A symposium presented by The John D. Calandra Italian American Institute

Saturday, October 13, 2001, 2 PM

The Baisley Powell Elebash Recital Hall
The Graduate Center, CUNY
365 Fifth Avenue (between 34th and 35th Streets)
Manhattan

This symposium examines the role of Italian Americans as dockworkers and labor activists on the New York waterfront.   The harsh working conditions on the waterfront included the infamous “shape-up” hiring system, dangerous speed-ups, kickbacks of longshoremens’ wages to local gangsters, and corrupt union officials.

 

The symposium pays tribute to Peter Panto (1911-1939), a rank-and-file longshoreman and union activist who worked on the Red Hook docks on Columbia Street, Brooklyn.  Panto led a rank-and-file revolt against the crooked leadership of International Longshoremen’s Union (ILA) in the guise of union president Joseph P. Ryan (known by dockworkers as “King Joe”) and crime boss Albert Anastasia.

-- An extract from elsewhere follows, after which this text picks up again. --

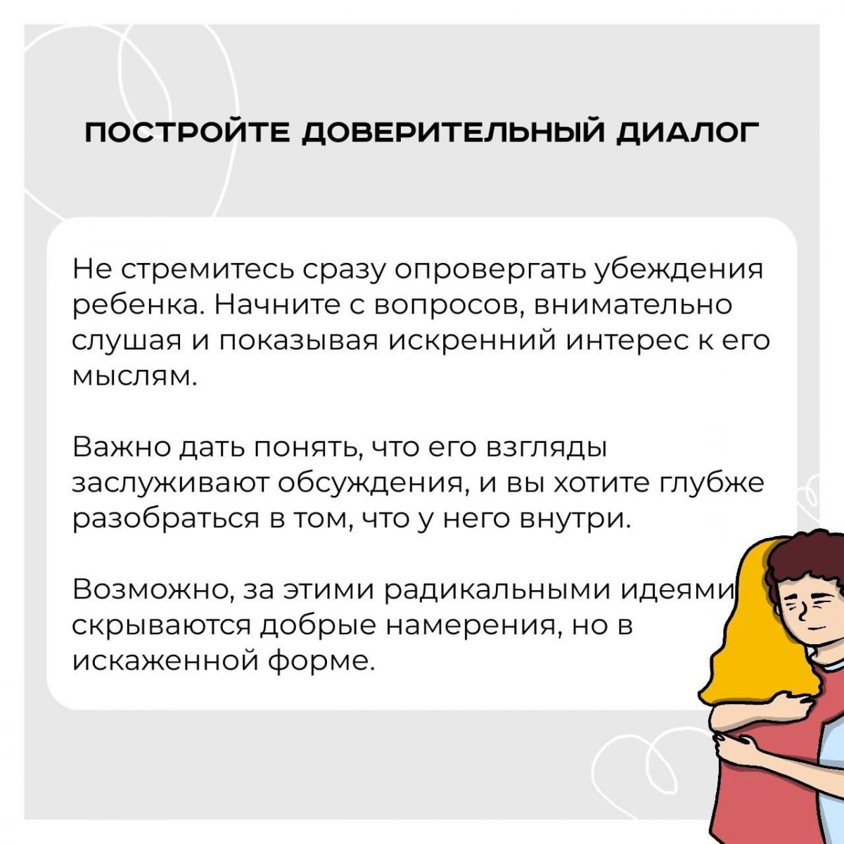 Если вы заметили, что ваш ребенок увлекся радикальными идеями, важно действовать осознанно и аккуратно.Человеческий мозг склонен упрощать сложные проблемы, что порой приводит к радикализации. Но этот процесс важно признать и преодолеть.Предлагаем несколько советов, как действовать в случае радикализации вашего воспитанника:

After a series of confrontations, the 28-year-old Panto was lured from his home on July 14, 1939 to be kidnapped and strangled on Anastasia’s orders.  His body was not found until the following year.  During that time, the area’s workers covered the neighborhood walls and sidewalks with the simple and anonymous phrases: “Dov’ è Peter Panto?” (“Where is Peter Panto?”) and “Who killed Peter Panto?”  His body was eventually exhumed from a lime pit in Lyndhurst, New Jersey.  No one was ever convicted for Panto’s murder.

Peter Panto’s activism and death lead, in part, to reforms on the waterfront in the 1950s.

Program
Professor Calvin Winslow, College of the Redwoods:
“The Roots of Radicalism, Brooklyn Longshoreman, 1890-1920”
William Mello, New School University:

“The Legacy of Peter Panto and the Brooklyn Rank-and-File”

Professor William Di Fazio, St. John’s University:
“In the Spirit of Peter Panto: The Struggle for the Guaranteed Annual Income”
Vincent James Longhi, Esq., former labor lawyer will speak about his work on the Brooklyn docks after World War II.